Where do you take the temp in a fatty? Do you put it halfway in the sausage or do you put it in the center?

I'm new to smoking (I will also go into roll call soon with some pics of my equipment), and fatties look like a way to get my family to get into it as well.


----------



## miamirick (Nov 13, 2013)

I don't believe you need to take temps on a fattie,  here's why

The fillings ( in the middle) will have a different temp requirement than the sausage wrapping and that differs from the bacon wrap if you use one.   They usually go for a couple hours but you can get a feel by looking at the fattie . You could try to temp the sausage only but it is usually small maybe 1/2" thick.

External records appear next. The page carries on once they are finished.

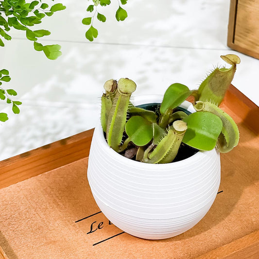 PLANCHU 食虫植物 ネペンテス ビーチバレオ × ビーチバリオ 3号丸鉢 育て方説明書付き N. veitchii bareo × N. veitchii bario ウツボカズラ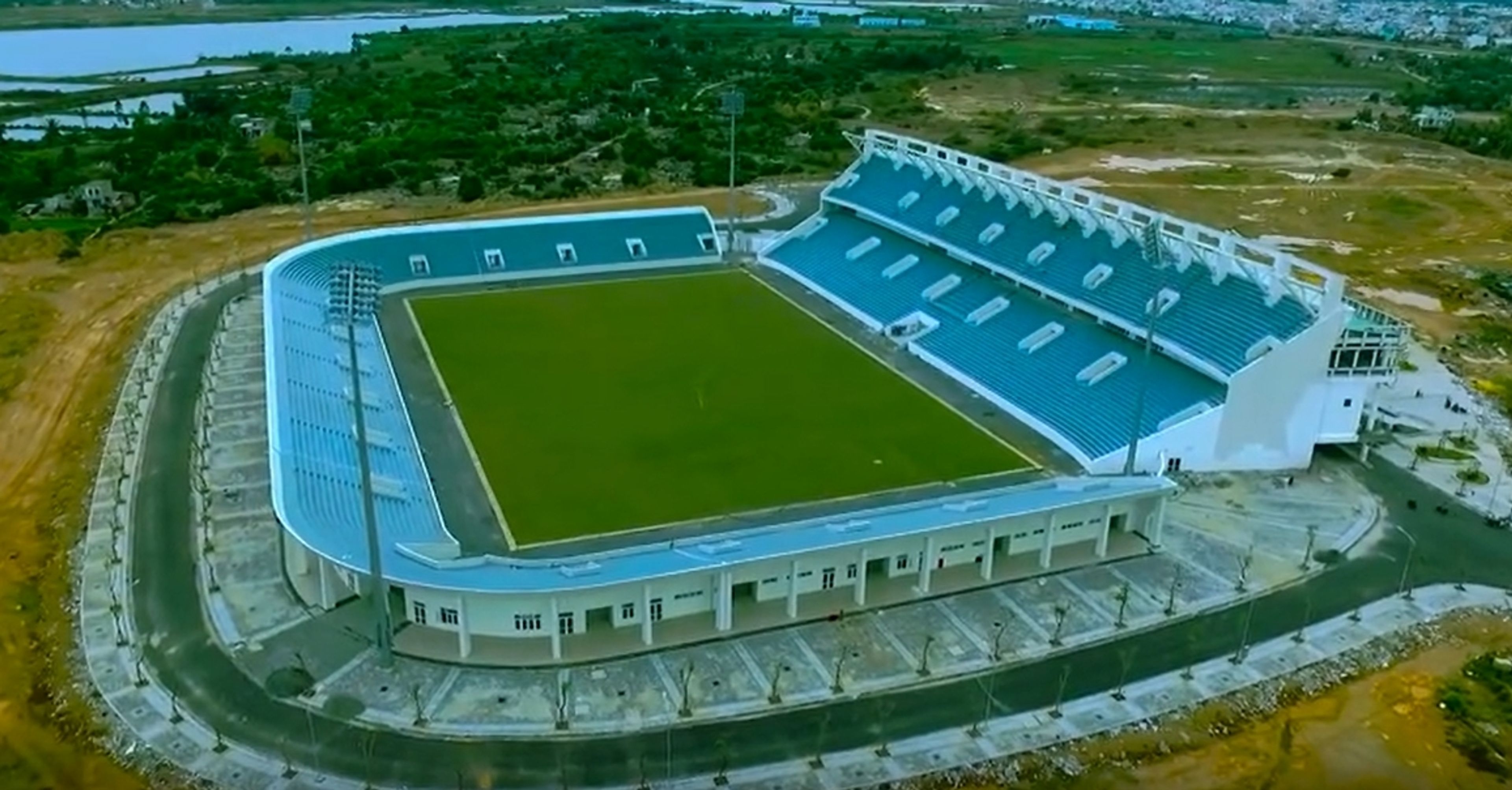 The Hòa Xuân Stadium features a seating arrangement for 20,500 spectators and includes dedicated spaces for teams, event management, and modern sports facilities.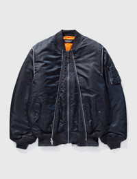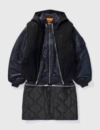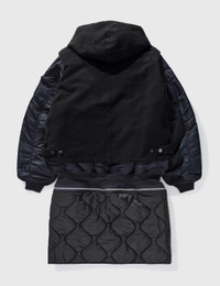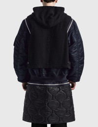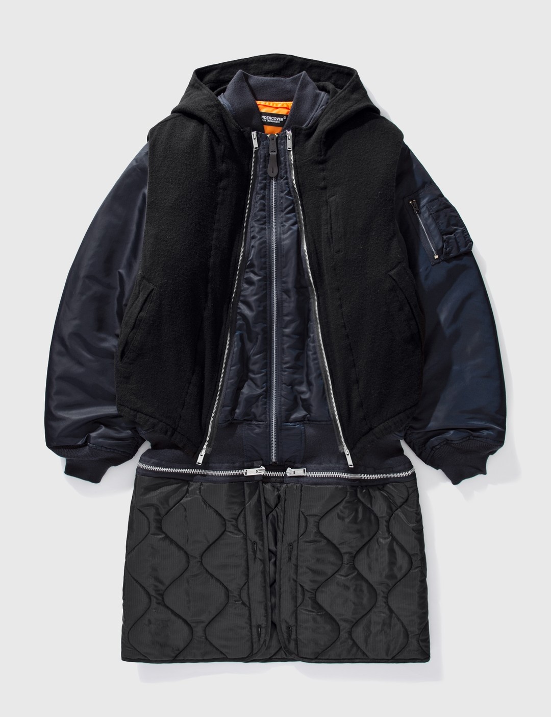 - Undercover - Undercover x Alpha Industries Coat - Ribbed collar, cuffs and hem - Front zip fastening - Side pockets - Utility pocket at left sleeve - Detachable, zip fastened hooded vest - Detachable, quilted hem panel - Color: Navy - Material: 100% Nylon, 100% Wool - See more Coats, Jackets and Clothing SIZING - Model wears size 4 - Model measures: Height 183cm, Chest 36”/91cm, Waist 28”/70cm, Hip 36”/91cm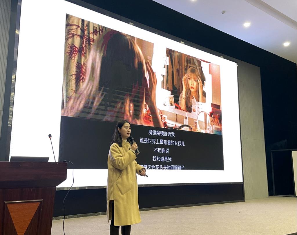 张思祺老师从三个方面展开此次讲座。第一个方面是容貌焦虑,张思祺老师首先谈到了何为容貌焦虑,根据“这是一个看脸的时代”“你长的好看,你说得对”等一系列网络流行语,告诉同学们不要被这些片面的言论洗脑,也不要过多的以容貌评价他人。

.  Time and appearance is probably your best bet


----------



## downtown dave (Nov 16, 2013)

I took several temperature readings just to be sure. I took it from the middle (top down), in the side (at the end) and only into the top layer of the meat. I moved my fatty closer to the heat (off set smoker) for about 20 min when I thought it was done just to be sure.


----------



## steammaker (Nov 18, 2013)

I took the temp in the center to 170. It was my first smoke in the vertical after seasoning. Here is some Qview.













image copy 3.jpeg



__ steammaker
__ Nov 18, 2013


















image copy 4.jpeg



__ steammaker
__ Nov 18, 2013


















photo copy.JPG



__ steammaker
__ Nov 18, 2013


----------



## downtown dave (Nov 19, 2013)

Looks like you nailed it. Congrats!


----------